Minimum and maximum ranges for administered peptide amounts per group and SSTR2 organ expression (derived from the previously published PBPK model) were imputed to derive prediction intervals for organ and tumor radionuclide distributions [
26]. In addition, to take into account a high variability in tumor uptake, prediction intervals in all three tumor compartments were based on observed (inter)quartile ranges in blood flow and blood volumes of the specific compartment [
42‐
45]. For other metastases, blood flow was assumed to be comparable to primary tumors and fraction vascular was assumed to vary from 50 to 150% relative to the median. This resulted in minimum and maximum blood flow of 53 and 252 mL/min/100 g for primary tumors and other metastases and 139 and 363 mL/min/100 g for liver metastases. Fraction vascular ranged from 0.09 to 0.34 for primary tumors, 0.1 to 0.23 for liver metastases and 0.025 to 0.125 for other metastases.

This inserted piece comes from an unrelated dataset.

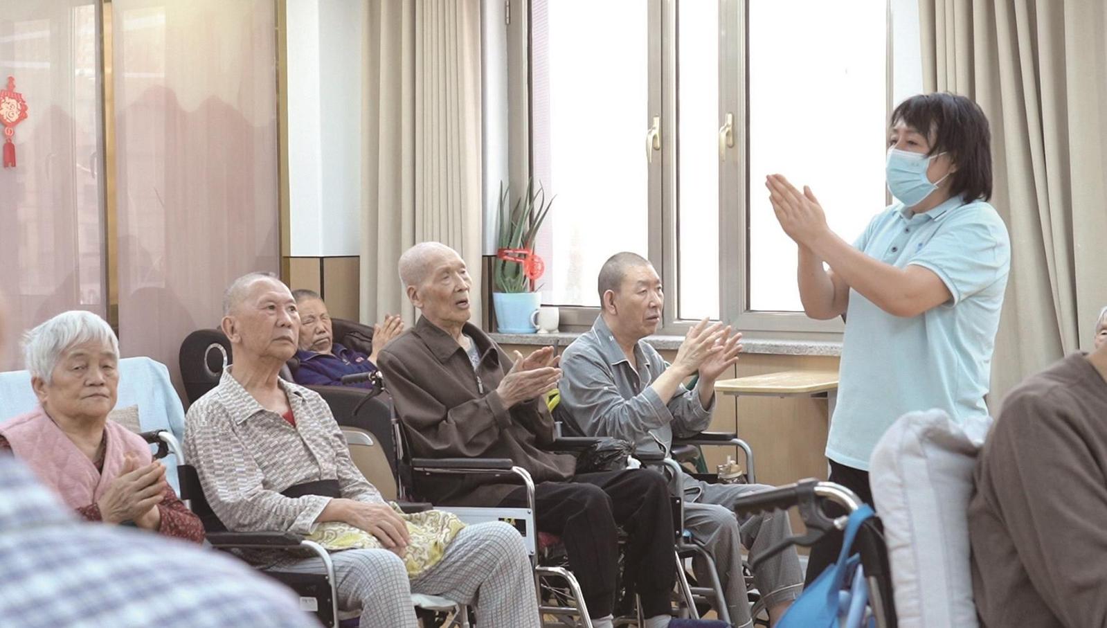 包钢三医院临家照护中心医护人员带领老人做拍手操。

A sensitivity analysis was performed to calculate the sensitivity of the PK model output for certain parameter assumptions using a build-in algorithm, which was performed by alteration of input parameters with ± 10% [
51]. This sensitivity (
Si,j) is calculated using the following equation:
$$S_{i,j} = \frac{{\Delta {\text{PK}}_{j} }}{{\Delta p_{i} }}*\frac{{p_{j} }}{{{\text{PK}}_{j} }}$$
(1)
where
PKj is a PK parameter of a certain output to an input parameter (
pj)
. Thus, the sensitivity for the PK parameter to that input parameter was calculated as the ratio of the relative change of that PK parameter (
ΔPKj) and the relative variation of the input parameter (
Δpi). A sensitivity value of − 1 implies that a 10% increase of the input parameter resulted in a 10% decrease of the PK parameter output.
DOTATATE versus HA-DOTATATE
Administered patient doses of [68Ga]Ga-DOTATATE and [68Ga]Ga-HA-DOTATATE are based on radioactivity (~ 100 MBq per administration). Specific activities (MBq/µg) were derived from the tracer production logs to calculate the administered absolute peptide amount. However, specific activities, and thus administered peptide amounts, differed between production batches and peptides. In general, this resulted in higher administered total peptide amounts for DOTATATE compared to HA-DOTATATE.
It is of interest to directly compare organ uptake between both peptides to assess (dis)similarities in this organ accumulation, without discrepancies in administered peptide amounts that could alter such a comparison. Due to a change in production procedures in 2017, an additional group of GEP-NET patients receiving higher peptide amounts of [68Ga]Ga-HA-DOTATATE (comparable to administered DOTATATE amounts) could be selected for a subanalysis to exclude a potential effect of different administered peptide amounts for [68Ga]Ga-DOTATATE and [68Ga]Ga-HA-DOTATATE on organ uptake. The sample size of this additional group was matched to the included patients for PBPK evaluation receiving HA-DOTATATE, and spleen was used as a reference organ to compare uptake (SUVpeak and SUVmax).